Quel volo che unisce Muhammad Alì e Gilles Villeneuve

Fabio Tavelli

Il pugile americano e il pilota canadese sono nati a un giorno di distanza. In comune non hanno quasi niente. Eppure su di un aereo...

Così lontani, ma nemmeno poi tanto (tra Saint-Jean-sur-Richelieu, Quebéc, e Lousville, Kentucky, ci sono 1.500 chilometri, poco più che tra Milano e Palermo), così vicini (17 gennaio 1942 l'americano, 18 gennaio 1950 il canadese). Gilles Villeneuve e Muhammad Alì in comune non hanno quasi niente. Il destino li ha avvicinati di un solo piccolo giorno sul calendario, pur a 8 anni di distanza. Uno ha vinto tutto, l’altro “solo” sei gare. Uno è sopravvissuto a se stesso andando oltre il suo tempo imbruttendosi al tramonto del suo cammino, l’altro se n’è andato verso la leggenda lasciando al figlio il piacere dell’iride.

 

Perché insieme? Per un volo.

 

Alì, ma al tempo era ancora Cassius, ricevette dal suo allenatore la notizia della convocazione per le Olimpiadi di Roma 1960. “Bene! Quando parte il treno per Roma?”, chiese il ragazzino senza prendere in considerazione l’ipotesi di consentire ad altri di portarlo in cielo. Chiarite meglio le sue nozioni sulla geografia, Cassius pretese di viaggiare con addosso un paracadute, sicuro che l’uccello d’acciaio si sarebbe inabissato nelle acque atlantiche. E siccome a 18 anni non aveva ancora baciato una ragazza chiese di poter viaggiare accanto a una donna. Prima del, per lui, inevitabile schianto le avrebbe strappato un bacio appassionato per morire con il cuore in pace. Gilles invece i voli li adorava. Naturalmente non da passeggero. Quando incontrò per la prima volta Enzo Ferrari ottenne la sua benedizione a Fiorano nonostante una serie inenarrabile di testa-coda e uscite di pista appena messo piede nella vettura che Lauda aveva abbandonato da Campione del Mondo a due gare dalla fine (1977). Sicuri che il Vecchio lo avrebbe rispedito in Canada a pedate i meccanici di Maranello ricevettero invece ordine perentorio di sistemare il sedile per le misure (minute) del piccoletto e di spedire l’accessorio in Canada, dove la domenica successiva si sarebbe svolto il GP. “Lo porto io”, disse Gilles che proprio in Canada sarebbe tornato (casa sua).
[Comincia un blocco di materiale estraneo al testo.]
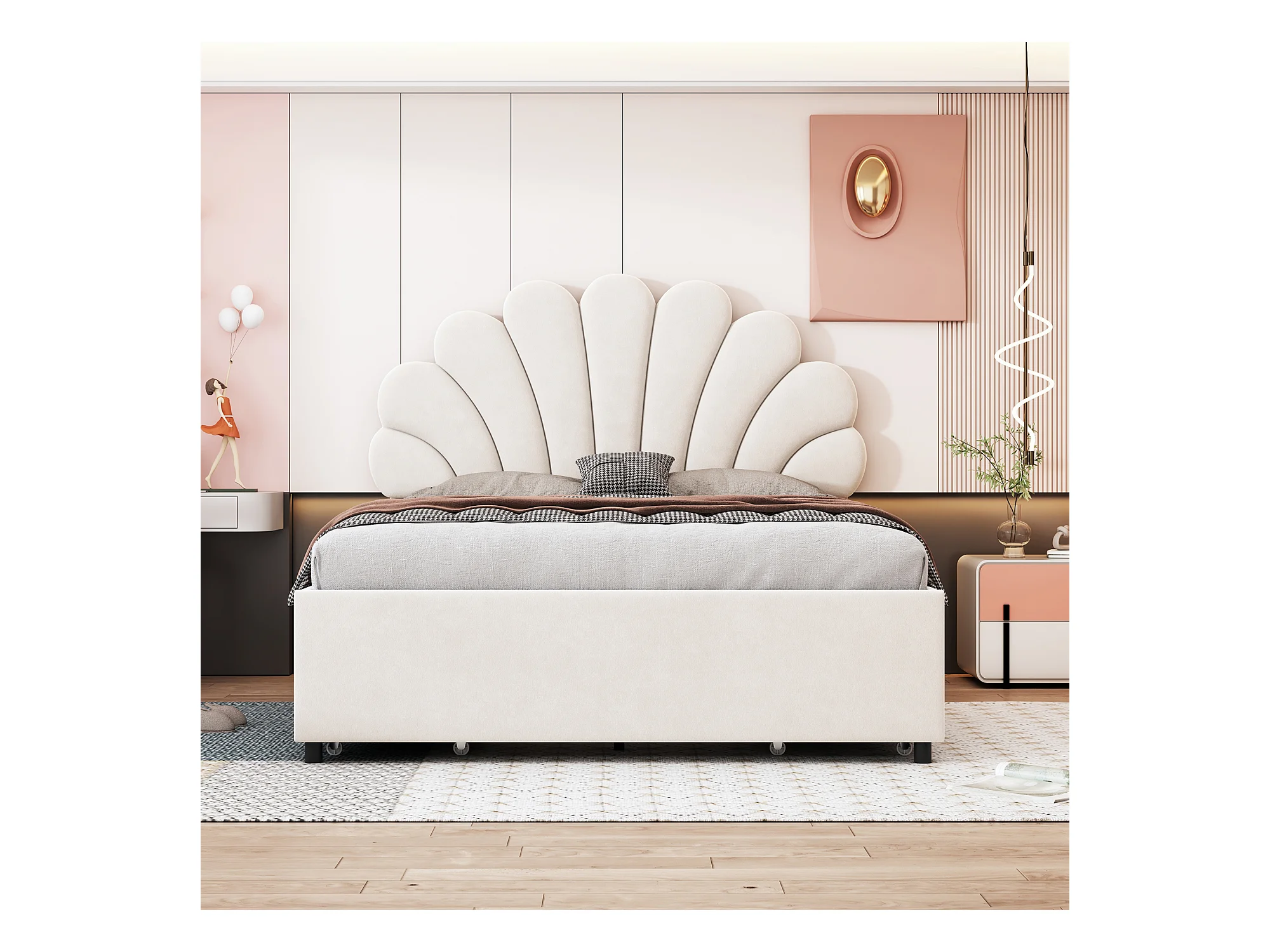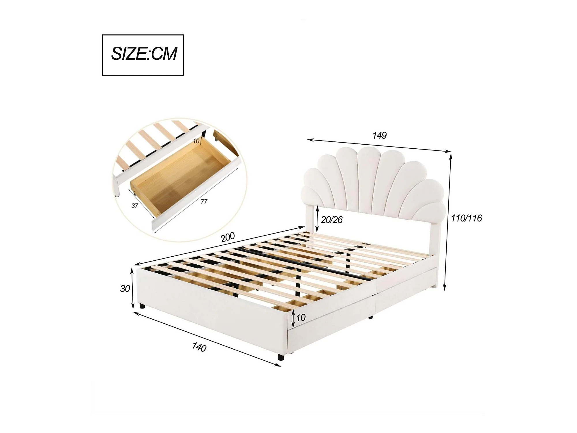 Lit double rembourré en velours avec 4 tiroirs - 140x200cm - tête de lit en forme de fleur - avec sommier à lattes - Beige
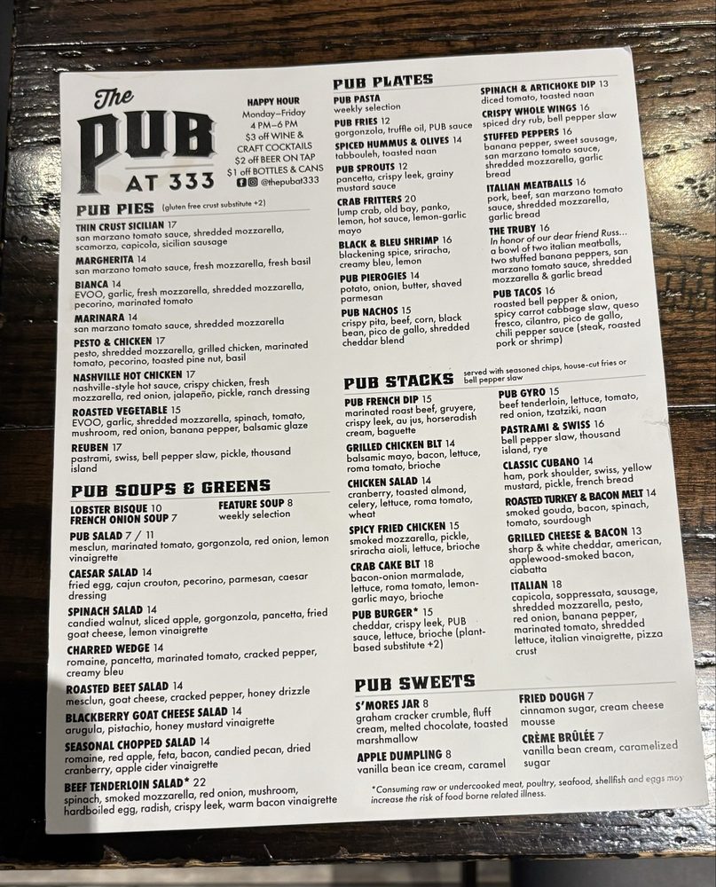 What sets The Pub apart is its inviting atmosphere—perfect for families and groups alike. With outdoor seating and a vibrant bar offering $3 off cocktails during happy hour, it’s an ideal spot for evening gatherings. The attentive service adds to the experience, ensuring that patrons always feel welcomed. Whether you're there for dinner or a lively night out with friends, The Pub At 333 delivers an exceptional culinary adventure in a relaxed environment.

Si presentò al gate dell’aeroporto abbracciando il sedile e alle legittime rimostranze degli impiegati dell’Alitalia (“prego, ce lo dia e lo mettiamo nella stiva con le valigie”) oppose un secco rifiuto. “Questo viaggia con me, se me lo rompete non posso guidare la Ferrari domenica nel Gran Premio”, disse senza prendere in considerazione una risposta negativa. Febbrili consultazioni, immancabili telefonate a Maranello (Gilles non era esattamente popolare al tempo e il lei-non-sa-chi-sono-io non gli era venuto in mente) e alla fine il via libera.

 

Viaggiò abbracciato al suo sedile, così come Cassius fece con il suo paracadute.